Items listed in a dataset
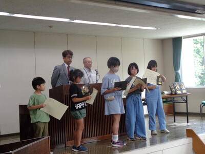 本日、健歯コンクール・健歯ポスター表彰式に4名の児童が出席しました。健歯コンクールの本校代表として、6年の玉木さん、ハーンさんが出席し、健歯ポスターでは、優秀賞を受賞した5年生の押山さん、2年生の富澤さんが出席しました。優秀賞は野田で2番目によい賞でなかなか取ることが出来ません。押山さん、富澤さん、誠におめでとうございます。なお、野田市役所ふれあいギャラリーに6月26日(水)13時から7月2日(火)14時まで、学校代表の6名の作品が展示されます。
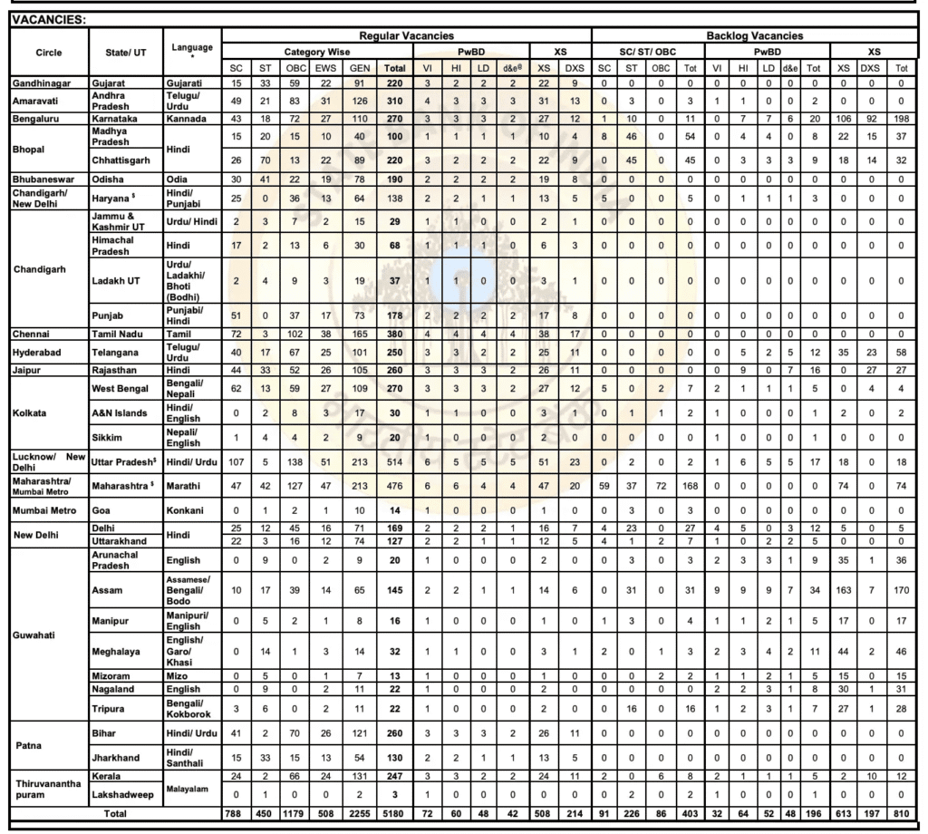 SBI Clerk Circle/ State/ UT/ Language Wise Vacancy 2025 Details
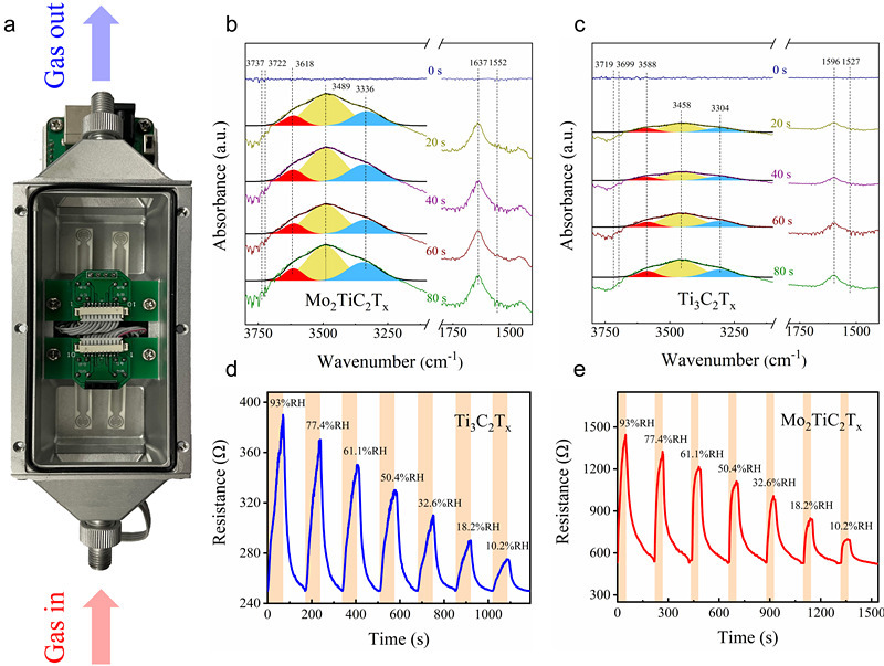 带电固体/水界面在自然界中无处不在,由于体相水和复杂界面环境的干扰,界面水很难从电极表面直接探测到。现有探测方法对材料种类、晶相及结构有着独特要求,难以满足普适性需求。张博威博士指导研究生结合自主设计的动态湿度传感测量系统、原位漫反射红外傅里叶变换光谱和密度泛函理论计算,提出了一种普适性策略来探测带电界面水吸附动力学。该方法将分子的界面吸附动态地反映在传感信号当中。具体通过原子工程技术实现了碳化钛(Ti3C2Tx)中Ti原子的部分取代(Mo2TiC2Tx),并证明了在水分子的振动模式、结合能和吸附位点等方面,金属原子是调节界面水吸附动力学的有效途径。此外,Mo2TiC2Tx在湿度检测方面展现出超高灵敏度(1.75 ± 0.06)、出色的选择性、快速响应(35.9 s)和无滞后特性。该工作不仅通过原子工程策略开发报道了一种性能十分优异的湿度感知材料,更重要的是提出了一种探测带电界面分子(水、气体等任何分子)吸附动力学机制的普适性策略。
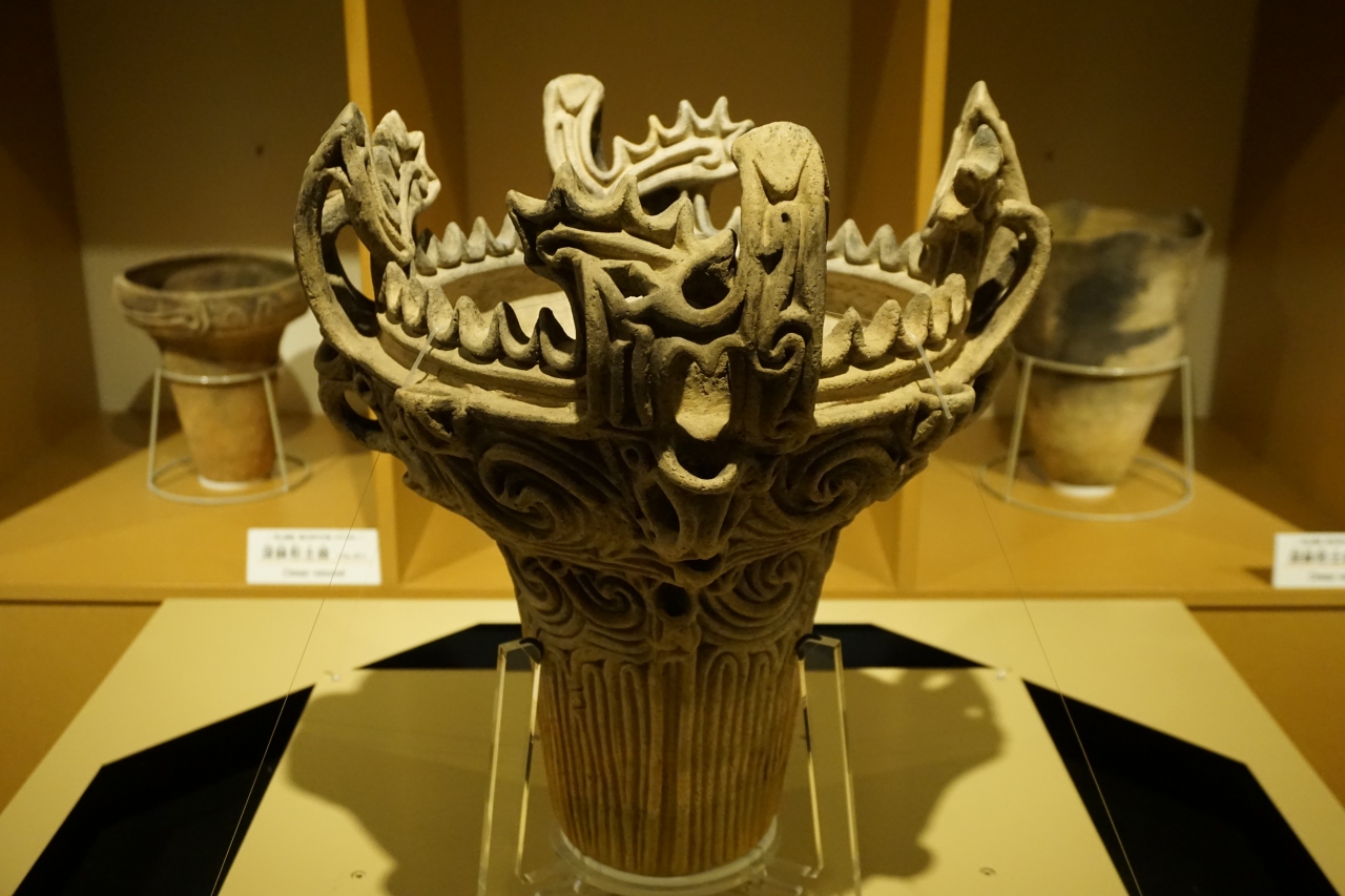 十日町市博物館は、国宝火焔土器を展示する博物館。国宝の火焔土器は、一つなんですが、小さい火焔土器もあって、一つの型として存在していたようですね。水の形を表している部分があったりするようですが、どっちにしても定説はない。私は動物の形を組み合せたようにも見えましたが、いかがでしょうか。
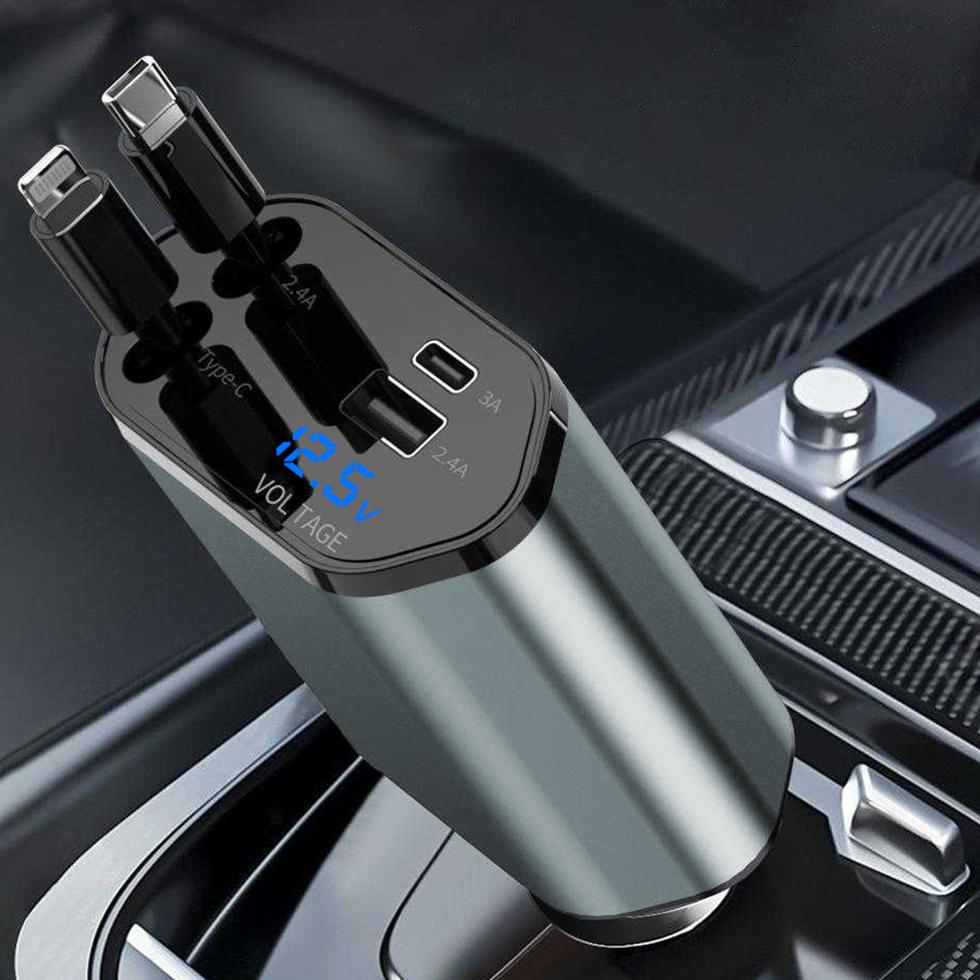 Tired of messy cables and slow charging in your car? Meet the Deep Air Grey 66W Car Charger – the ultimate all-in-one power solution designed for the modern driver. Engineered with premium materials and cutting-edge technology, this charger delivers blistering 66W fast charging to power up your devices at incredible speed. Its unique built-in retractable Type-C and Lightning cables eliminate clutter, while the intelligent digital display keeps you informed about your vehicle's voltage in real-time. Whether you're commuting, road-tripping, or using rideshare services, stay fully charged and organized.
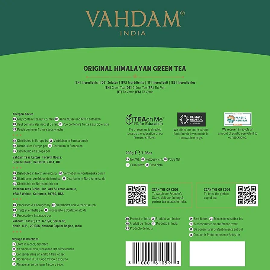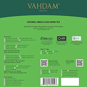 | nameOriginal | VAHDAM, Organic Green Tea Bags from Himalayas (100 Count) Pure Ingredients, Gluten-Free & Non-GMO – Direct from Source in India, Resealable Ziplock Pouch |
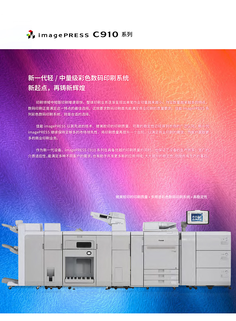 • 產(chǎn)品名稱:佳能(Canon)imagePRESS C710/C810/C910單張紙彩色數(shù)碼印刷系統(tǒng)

* **Brief**
The entries above should be retyped exactly, minus any pictures.

* **Response to the task**
 本日、健歯コンクール・健歯ポスター表彰式に4名の児童が出席しました。健歯コンクールの本校代表として、6年の玉木さん、ハーンさんが出席し、健歯ポスターでは、優秀賞を受賞した5年生の押山さん、2年生の富澤さんが出席しました。優秀賞は野田で2番目によい賞でなかなか取ることが出来ません。押山さん、富澤さん、誠におめでとうございます。なお、野田市役所ふれあいギャラリーに6月26日(水)13時から7月2日(火)14時まで、学校代表の6名の作品が展示されます。
 SBI Clerk Circle/ State/ UT/ Language Wise Vacancy 2025 Details
 带电固体/水界面在自然界中无处不在,由于体相水和复杂界面环境的干扰,界面水很难从电极表面直接探测到。现有探测方法对材料种类、晶相及结构有着独特要求,难以满足普适性需求。张博威博士指导研究生结合自主设计的动态湿度传感测量系统、原位漫反射红外傅里叶变换光谱和密度泛函理论计算,提出了一种普适性策略来探测带电界面水吸附动力学。该方法将分子的界面吸附动态地反映在传感信号当中。具体通过原子工程技术实现了碳化钛(Ti3C2Tx)中Ti原子的部分取代(Mo2TiC2Tx),并证明了在水分子的振动模式、结合能和吸附位点等方面,金属原子是调节界面水吸附动力学的有效途径。此外,Mo2TiC2Tx在湿度检测方面展现出超高灵敏度(1.75 ± 0.06)、出色的选择性、快速响应(35.9 s)和无滞后特性。该工作不仅通过原子工程策略开发报道了一种性能十分优异的湿度感知材料,更重要的是提出了一种探测带电界面分子(水、气体等任何分子)吸附动力学机制的普适性策略。
 十日町市博物館は、国宝火焔土器を展示する博物館。国宝の火焔土器は、一つなんですが、小さい火焔土器もあって、一つの型として存在していたようですね。水の形を表している部分があったりするようですが、どっちにしても定説はない。私は動物の形を組み合せたようにも見えましたが、いかがでしょうか。
 Tired of messy cables and slow charging in your car? Meet the Deep Air Grey 66W Car Charger – the ultimate all-in-one power solution designed for the modern driver. Engineered with premium materials and cutting-edge technology, this charger delivers blistering 66W fast charging to power up your devices at incredible speed. Its unique built-in retractable Type-C and Lightning cables eliminate clutter, while the intelligent digital display keeps you informed about your vehicle's voltage in real-time. Whether you're commuting, road-tripping, or using rideshare services, stay fully charged and organized.
 | nameOriginal | VAHDAM, Organic Green Tea Bags from Himalayas (100 Count) Pure Ingredients, Gluten-Free & Non-GMO – Direct from Source in India, Resealable Ziplock Pouch |
 • 產(chǎn)品名稱:佳能(Canon)imagePRESS C710/C810/C910單張紙彩色數(shù)碼印刷系統(tǒng)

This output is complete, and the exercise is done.